Its aim is to provide a prestigious and wide-ranging series of events which open up the arts and university to the people of Plymouth, the South West and visitors to the region.

The University of Plymouth Contemporary Music Festival is an annual event hosted with the University of Plymouth Interdisciplinary Centre for Computer Research, and occurs in February.

== Venues and locations ==
The Levinsky Gallery is the main hub for The Arts Institute, and the largest contemporary art gallery in the south west of England. It is located inside the Roland Levinsky Building at the university. Admission is free but may be restricted during events.
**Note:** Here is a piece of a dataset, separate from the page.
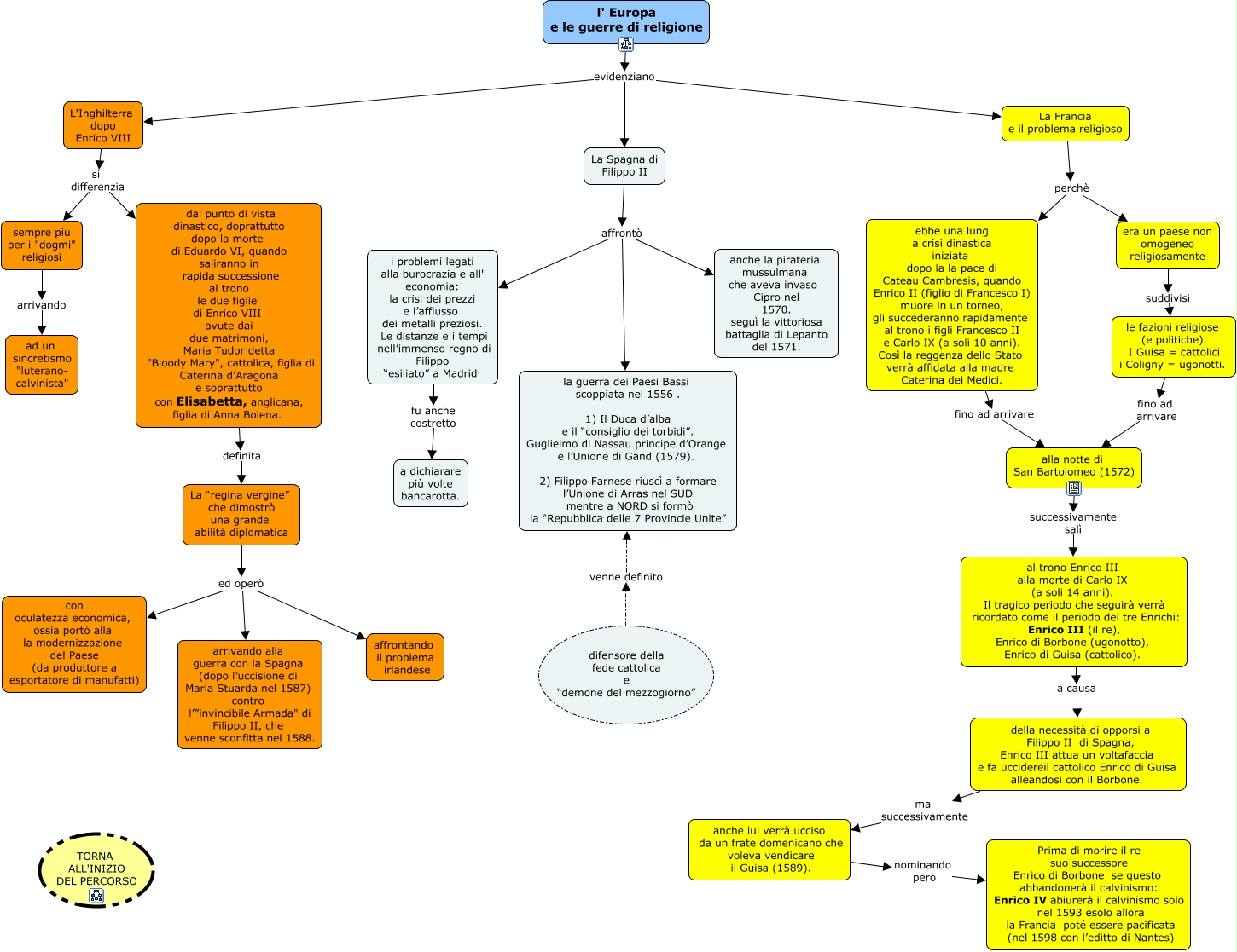 Questa Cmap, creata con IHMC CmapTools, contiene informazioni relative a: elisabetta Filippo e i tre Enrichi, difensore della fede cattolica e “demone del mezzogiorno” venne definito la guerra dei Paesi Bassi scoppiata nel 1556 . 1) Il Duca d’alba e il “consiglio dei torbidi”. Guglielmo di Nassau principe d’Orange e l’Unione di Gand (1579). 2) Filippo Farnese riuscì a formare l’Unione di Arras nel SUD mentre a NORD si formò la “Repubblica delle 7 Provincie Unite”, La “regina vergine” che dimostrò una grande abilità diplomatica ed operò con oculatezza economica, ossia portò alla la modernizzazione del Paese (da produttore a esportatore di manufatti), l' Europa e le guerre di religione evidenziano La Spagna di Filippo II, era un paese non omogeneo religiosamente suddivisi le fazioni religiose (e politiche). I Guisa = cattolici i Coligny = ugonotti., della necessità di opporsi a Filippo II di Spagna, Enrico III attua un voltafaccia e fa uccidereil cattolico Enrico di Guisa alleandosi con il Borbone. ma successivamente anche lui verrà ucciso da un frate domenicano che voleva vendicare il Guisa (1589)., le fazioni religiose (e politiche). I Guisa = cattolici i Coligny = ugonotti. fino ad arrivare alla notte di San Bartolomeo (1572), ebbe una lung a crisi dinastica iniziata dopo la la pace di Cateau Cambresis, quando Enrico II (figlio di Francesco I) muore in un torneo, gli succederanno rapidamente al trono i figli Francesco II e Carlo IX (a soli 10 anni). Così la reggenza dello Stato verrà affidata alla madre Caterina dei Medici. fino ad arrivare alla notte di San Bartolomeo (1572), L'Inghilterra dopo Enrico VIII si differenzia dal punto di vista dinastico, doprattutto dopo la morte di Eduardo VI, quando saliranno in rapida successione al trono le due figlie di Enrico VIII avute dai due matrimoni, Maria Tudor detta "Bloody Mary", cattolica, figlia di Caterina d’Aragona e soprattutto con Elisabetta, anglicana, figlia di Anna Bolena., La Francia e il problema religioso perchè era un paese non omogeneo religiosamente, La Spagna di Filippo II affrontò i problemi legati alla burocrazia e all' economia: la crisi dei prezzi e l’afflusso dei metalli preziosi. Le distanze e i tempi nell’immenso regno di Filippo “esiliato” a Madrid, alla notte di San Bartolomeo (1572) successivamente salì al trono Enrico III alla morte di Carlo IX (a soli 14 anni). Il tragico periodo che seguirà verrà ricordato come il periodo dei tre Enrichi: Enrico III (il re), Enrico di Borbone (ugonotto), Enrico di Guisa (cattolico)., La “regina vergine” che dimostrò una grande abilità diplomatica ed operò affrontando il problema irlandese, al trono Enrico III alla morte di Carlo IX (a soli 14 anni). Il tragico periodo che seguirà verrà ricordato come il periodo dei tre Enrichi: Enrico III (il re), Enrico di Borbone (ugonotto), Enrico di Guisa (cattolico). a causa della necessità di opporsi a Filippo II di Spagna, Enrico III attua un voltafaccia e fa uccidereil cattolico Enrico di Guisa alleandosi con il Borbone., l' Europa e le guerre di religione evidenziano L'Inghilterra dopo Enrico VIII, La “regina vergine” che dimostrò una grande abilità diplomatica ed operò arrivando alla guerra con la Spagna (dopo l’uccisione di Maria Stuarda nel 1587) contro l’”invincibile Armada" di Filippo II, che venne sconfitta nel 1588., l' Europa e le guerre di religione evidenziano La Francia e il problema religioso, anche lui verrà ucciso da un frate domenicano che voleva vendicare il Guisa (1589). nominando però Prima di morire il re suo successore Enrico di Borbone se questo abbandonerà il calvinismo: Enrico IV abiurerà il calvinismo solo nel 1593 esolo allora la Francia poté essere pacificata (nel 1598 con l’editto di Nantes), dal punto di vista dinastico, doprattutto dopo la morte di Eduardo VI, quando saliranno in rapida successione al trono le due figlie di Enrico VIII avute dai due matrimoni, Maria Tudor detta "Bloody Mary", cattolica, figlia di Caterina d’Aragona e soprattutto con Elisabetta, anglicana, figlia di Anna Bolena. definita La “regina vergine” che dimostrò una grande abilità diplomatica, La Spagna di Filippo II affrontò la guerra dei Paesi Bassi scoppiata nel 1556 . 1) Il Duca d’alba e il “consiglio dei torbidi”. Guglielmo di Nassau principe d’Orange e l’Unione di Gand (1579). 2) Filippo Farnese riuscì a formare l’Unione di Arras nel SUD mentre a NORD si formò la “Repubblica delle 7 Provincie Unite”, La Spagna di Filippo II affrontò anche la pirateria mussulmana che aveva invaso Cipro nel 1570. seguì la vittoriosa battaglia di Lepanto del 1571.

The House is another building at the university located behind the Roland Levinsky Building, which is used for theatre and dance performances, and the Jill Graigie Cinema which is used for showing films and lectures at the university.

== Notable performances ==

- Rosemary Johnson, a disabled violinist played music using an EEG cap.
- In 2015 a slime mould and a lecturer played a piano duet based on the mould's movements.
- In 2018, brainwaves recorded during seizures were turned into music.